# Kansas Whitetail Hunt



## BigT (Mar 11, 2011)

Won't bore anyone with the story of this hunt. I will say it was a blast, and a nice change up from hunting muleys. They are a much different animal to hunt as the mature bucks only give you about 10-15 minutes a day to hunt them.

A friend of mine and I went and did the December rifle hunt. Only downside is that most of the mature bucks will have broken antlers from fighting. One of the funner hunts I've done in a long time. 

One of the best parts of the hunt was hunting hard for our bucks for 5 days, and then returning on our last morning and tagging our doe that was part of the combo permit. Much better eating too!

This was not a guided hunt, we did pay a trespass fee. And boy was it cold out there. Kansas is almost all private. The state does lease property from landowners so that the public can hunt if they don't have access to property. Not quite sure how good it is to hunt the state leased property. 

I am looking forward to doing this again!


----------



## outdoorser (Jan 14, 2013)

That there is AWESOME!! What rifle/caliber did you use? How far was the shot?


----------



## wyogoob (Sep 7, 2007)

Very nice deer, both of them.


----------



## Wind In His Hair (Dec 31, 2009)

Broken antlers are cool! They add character. 8)


----------



## BigT (Mar 11, 2011)

*Kansas Whitetail*

I apologize about posting it in the wrong section!

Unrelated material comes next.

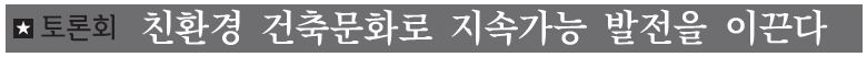 지속가능건축문화제 내 정책토론회를 개최하여 지난 5년간 ‘친환경건축’을 어젠다로 진행해 왔고 현재는 안산시 친환경 건축 인증시스템 구축을 논의하는 단계다.
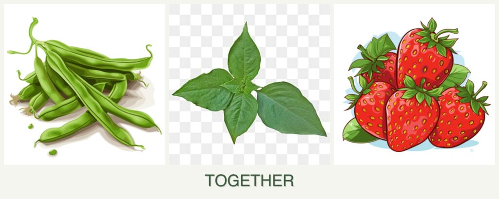 - Improved Growth: Beans fix nitrogen in the soil, benefiting both basil and strawberries.

We both used a 7MM. My shot was 291 yards, and my friends was 320 yards. Both bucks were pretty heavy deer. Both were one shot kills... Lots of fun!


----------



## Springville Shooter (Oct 15, 2010)

Great report! Hunting whitetail is a lot of fun, and they don't present the management issues that mule deer do. I have hunted them a bunch out west and would like to try out the midwest sometime.-----SS


----------